Work instructions> Under this line are the records; repeat exactly the lines starting at the one containing "Sábado 4 enero, música" and ending at the one containing "Noora Men's Lambskin", omitting pictures.
*** Data supplied ***
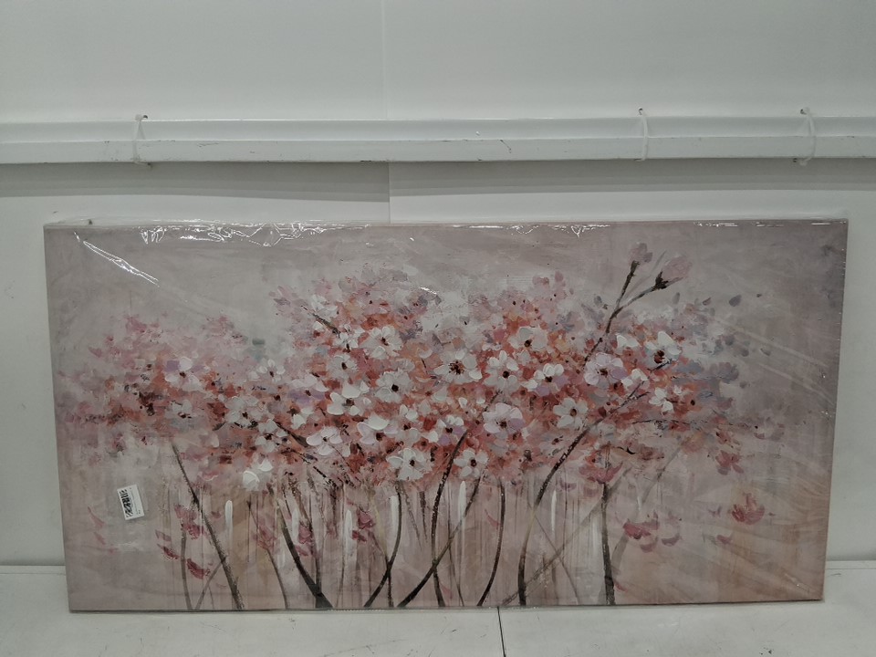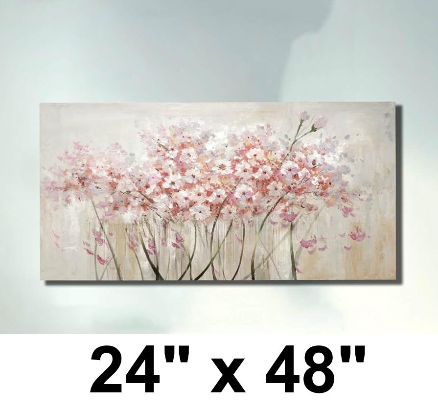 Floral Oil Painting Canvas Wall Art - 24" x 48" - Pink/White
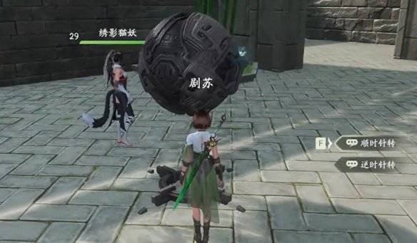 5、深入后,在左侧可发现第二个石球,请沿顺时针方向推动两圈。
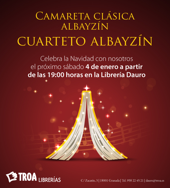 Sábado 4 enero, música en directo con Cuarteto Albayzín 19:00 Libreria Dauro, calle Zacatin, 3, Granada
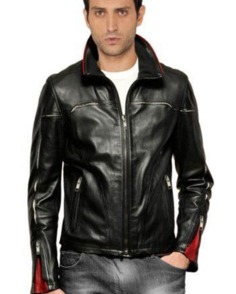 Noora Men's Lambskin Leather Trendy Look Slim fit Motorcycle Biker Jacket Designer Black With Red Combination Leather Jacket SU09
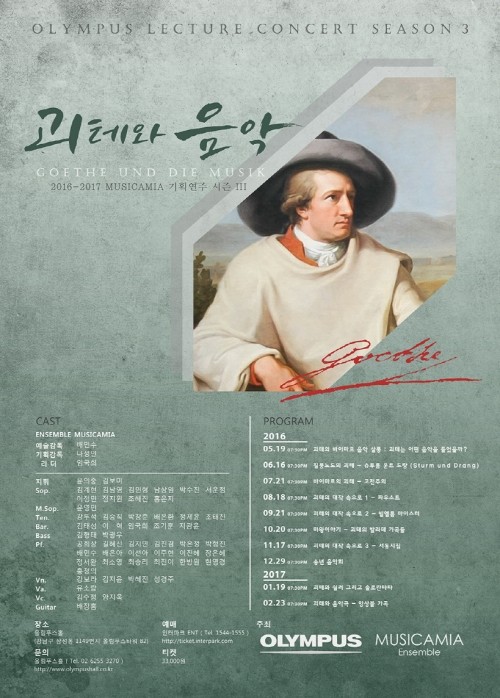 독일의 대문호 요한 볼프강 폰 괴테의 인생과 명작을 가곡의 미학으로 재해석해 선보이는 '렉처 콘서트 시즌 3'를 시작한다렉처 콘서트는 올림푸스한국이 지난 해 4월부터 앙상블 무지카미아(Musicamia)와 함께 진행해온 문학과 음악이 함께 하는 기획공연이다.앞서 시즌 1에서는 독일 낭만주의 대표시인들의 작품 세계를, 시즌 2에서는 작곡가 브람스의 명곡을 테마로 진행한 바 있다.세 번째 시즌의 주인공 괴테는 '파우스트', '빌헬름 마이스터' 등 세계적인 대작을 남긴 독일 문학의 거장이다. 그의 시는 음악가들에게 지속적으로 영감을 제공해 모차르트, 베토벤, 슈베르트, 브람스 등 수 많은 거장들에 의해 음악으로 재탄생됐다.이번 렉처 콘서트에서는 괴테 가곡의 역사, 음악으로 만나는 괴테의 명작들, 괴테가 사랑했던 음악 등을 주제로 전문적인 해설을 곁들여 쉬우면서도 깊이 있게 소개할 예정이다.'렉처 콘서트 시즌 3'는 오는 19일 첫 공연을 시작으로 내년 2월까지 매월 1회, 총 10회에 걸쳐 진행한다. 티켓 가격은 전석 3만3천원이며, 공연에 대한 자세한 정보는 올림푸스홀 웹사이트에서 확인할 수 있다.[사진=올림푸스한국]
*** End of Data supplied ***
Answer to the exercise>
 Sábado 4 enero, música en directo con Cuarteto Albayzín 19:00 Libreria Dauro, calle Zacatin, 3, Granada
 Noora Men's Lambskin Leather Trendy Look Slim fit Motorcycle Biker Jacket Designer Black With Red Combination Leather Jacket SU09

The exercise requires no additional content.